Format: Amazon
Viewing: First
Decade: 1940's
Director: Otto Preminger
I was looking for a new-to-me noir to watch for Noirvember and on some list of "best noir" saw Daisy Kenyon (1947), and that it starred Joan Crawford, Dana Andrews, and Henry Fonda. All have some noir bona fides as actors, and Otto Preminger never lets me down, so I put the movie on.
Friends, Daisy Kenyon is not film noir. It's melodrama. And that's fine, but half-way through the movie I realized no one was going to shoot anyone, no one was going to make a decision that would end in murder, and realized "someone making that noir list had no idea what they were talking about". It happens.
Movies can reveal quite a bit about the times in which they were released. This is a post-WWII story and the aftermath of the war isn't the plot, but it's key.
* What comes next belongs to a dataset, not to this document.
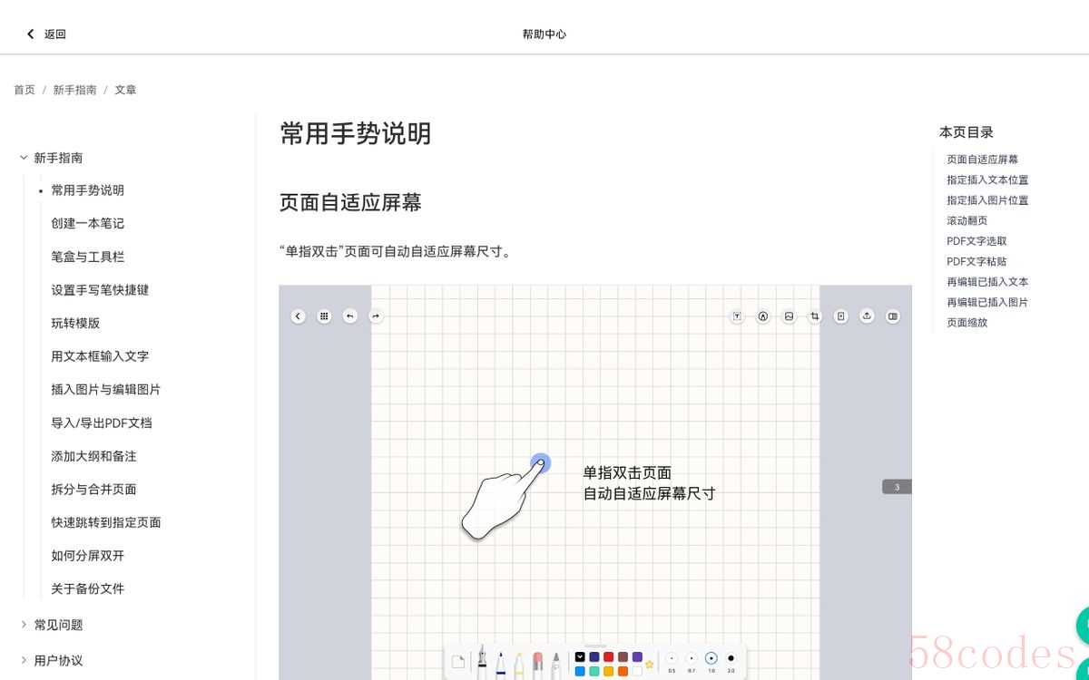 像插入文本框、手指模式等基础功能就不再赘述了,除此之外还有一些细节,比如手势操作,配合手写笔的快捷键、缩放跟随(笔刷粗细跟随页面缩放)等。

There are some surprisingly forward thinking elements that I wanted to see if they'd get mentioned in the NYT review of the time, but... not really? (I did find it funny how the reviewer treats the well-established leads as "you know what they do, and here they are doing it, just as reviewers would today).
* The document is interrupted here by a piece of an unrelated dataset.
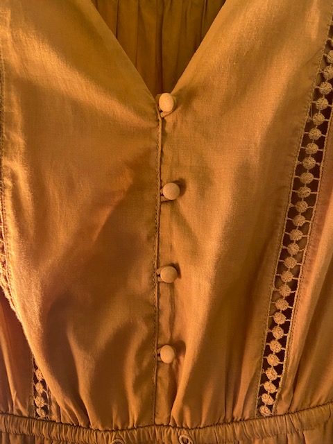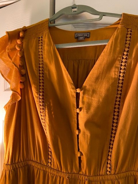Here is the “after” of the dress. It now is sewn up completely, making the buttons just decorative. However, the dress easily slips on and off over your head, so now it is nice and smooth with no peekaboo issues.

Crawford's Daisy Kenyon (post Mildred Pierce) is a working woman, driving her own career as the artist supplying images for stories in magazines. I was a bit surprised to see the movie starts with her as "the other woman" to Andrews, a hot-shot attorney working for his father-in-law - married with two daughters. She's not okay with her own situation, but loves Andrews. When she meets soldier Henry Fonda, a widower, who throws himself at her. But he's... maybe a weirdo?
Anyhoo... this is really about a woman who has options choosing between two guys, both of whom have their pluses and minuses (or option 3, which is: both of you go away, I'm good without you). Andrews is bucking against his homelife, clearly out of love with his wife who has her own issues exacerbated by what she knows her husband is up to.
In addition to the "career woman" angle pacing this in the post war period, Andrews decides to use his legal mind to try to assist a Japanese man reclaim his property taken from him in California during the war. And he gets beat up by locals for representing the guy (he also loses the case). After calling his father-in-law/ boss a racist. It's... amazing to see. Throw in Henry Fonda's general sense of loss and PTSD at both the war and the accidental death of his wife, and there's a lot going on. Not the least of which is the mention of mistresses and post-war divorce, which I'll need to look up, but this movie makes sound matter-of-fact.
There's certainly the closest I've seen to sexual assault in a Code-era film, and the woman's horror at the attempt. And like a lot of the content, I'm a bit surprised it made it past the censors. A man low-key threatening to murder his wife. And most definitely physical abuse of a child.
Then as I am sure would happen now, I'm not sure the NYT reviewer quite got the point of Henry Fonda's seeming ambivalence about his marriage to Kenyon - but it's called playing the long game. And, after all, figuring if your wife really actually does want to be with someone else, maybe not to just go around wind milling punches at people. It's not fun, but if you love something, set it free, etc... I did keep expecting some dark turn for Fonda, or for him to break down or something - and it was weird how the movie used that expectation and tension and then... did nothing. Which I read as intentional.
The movie is fine. I can go for a melodrama, and I'll always give Joanie a shot. I'm not sure the phrase "honey bunch" should be deployed this liberally, but I got the point.